▶ What needs to be done
A faithful transcription of all the data, images excluded, is the required answer.

▶ Collected data
# # # #
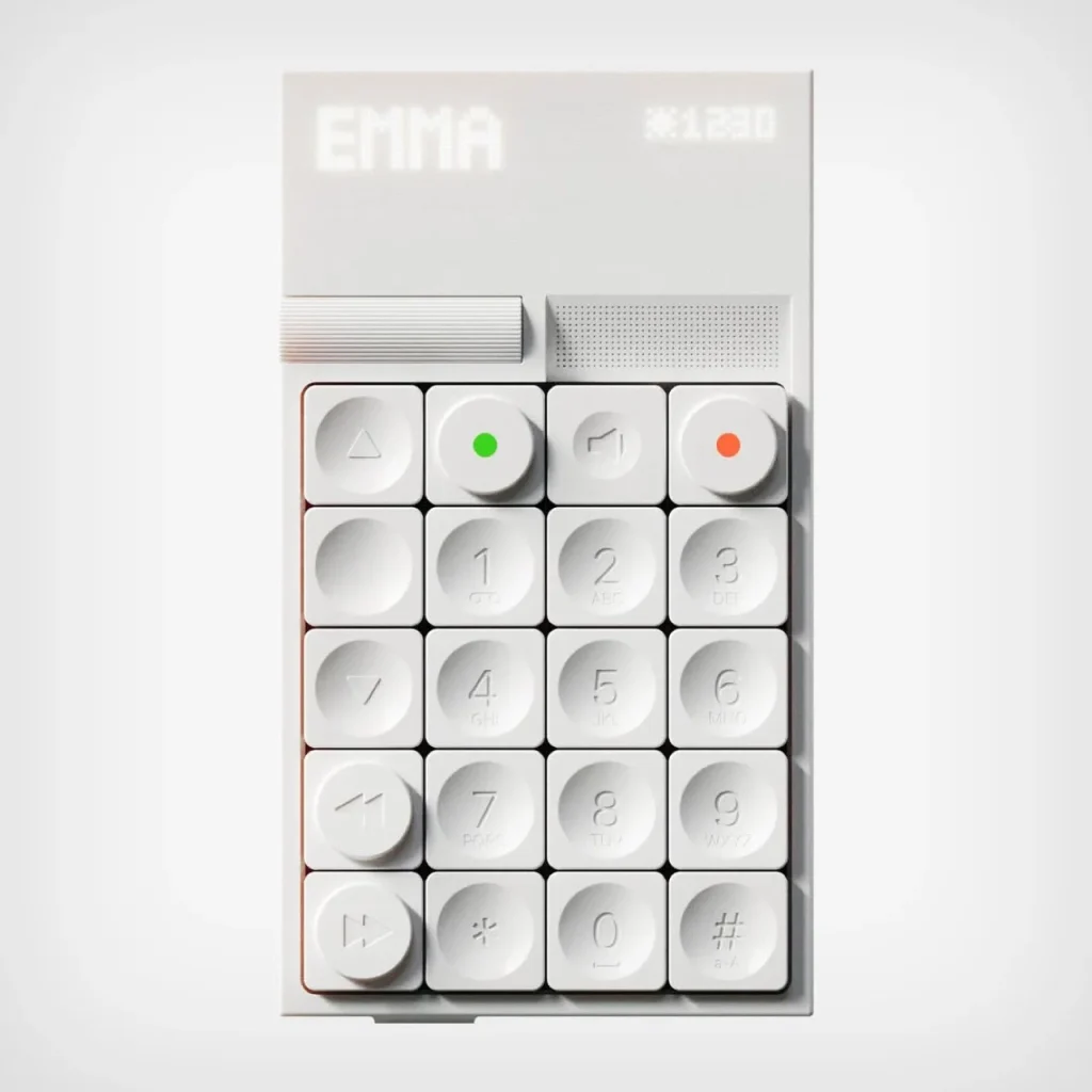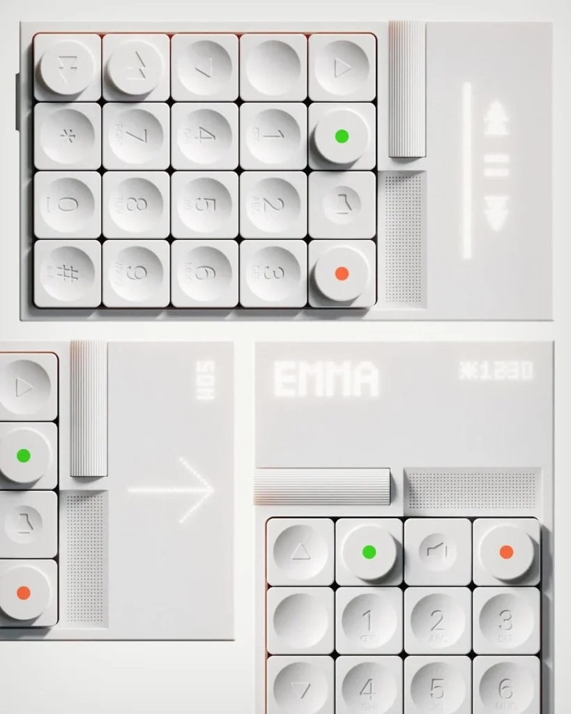 这台手机连名字都没有,却让人一眼记住。由巴黎工业设计学生 Keziah Mendjisky 打造,它没有屏幕、没有社交软件、没有无尽滑动——只保留通话、时间、天气和基础功能。机身如一块温润白砖,按键布局回归电话本源:数字从上至下排列,绿色接听、红色挂断,中间是扬声器键,侧面滚轮快速翻联系人。背光点阵屏像 Ember 保温杯的显示,极简却清晰。灵感来自 Braun 的克制与 Teenage Engineering 的趣味,它不追求智能,而是用触感和逻辑重建“打电话”这件事的本质。在这个信息过载的时代,它像一记温柔提醒:有时候,少一点,反而更自由。
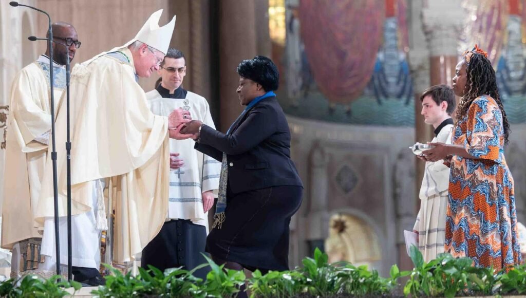Bishop David J. Malloy of Rockford, Ill., accepts offertory gifts from a woman during a “Mass for Solidarity with the Bishops and Faithful of Africa” Feb. 4, 2026, at the Basilica of the National Shrine of the Immaculate Conception in Washington. Bishop Malloy was the main celebrant and the concelebrants included Bishop Stephen Dami Mamza of of Yola, Nigeria, Bishop A. Elias Zaidan of the Maronite Eparchy of Our Lady of Lebanon in Los Angeles and Washington Auxiliary Bishop Evelio Menjivar-Ayala. (OSV News photo/Mihoko Owada, Catholic Standard)
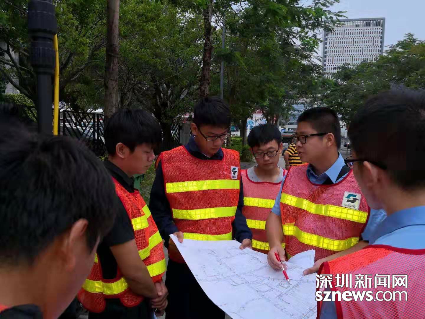 图为王经波(后左一)和他的团队完成排水口排查后
# # # #
▶ Output of the exercise
 这台手机连名字都没有,却让人一眼记住。由巴黎工业设计学生 Keziah Mendjisky 打造,它没有屏幕、没有社交软件、没有无尽滑动——只保留通话、时间、天气和基础功能。机身如一块温润白砖,按键布局回归电话本源:数字从上至下排列,绿色接听、红色挂断,中间是扬声器键,侧面滚轮快速翻联系人。背光点阵屏像 Ember 保温杯的显示,极简却清晰。灵感来自 Braun 的克制与 Teenage Engineering 的趣味,它不追求智能,而是用触感和逻辑重建“打电话”这件事的本质。在这个信息过载的时代,它像一记温柔提醒:有时候,少一点,反而更自由。
Bishop David J. Malloy of Rockford, Ill., accepts offertory gifts from a woman during a “Mass for Solidarity with the Bishops and Faithful of Africa” Feb. 4, 2026, at the Basilica of the National Shrine of the Immaculate Conception in Washington. Bishop Malloy was the main celebrant and the concelebrants included Bishop Stephen Dami Mamza of of Yola, Nigeria, Bishop A. Elias Zaidan of the Maronite Eparchy of Our Lady of Lebanon in Los Angeles and Washington Auxiliary Bishop Evelio Menjivar-Ayala. (OSV News photo/Mihoko Owada, Catholic Standard)
 图为王经波(后左一)和他的团队完成排水口排查后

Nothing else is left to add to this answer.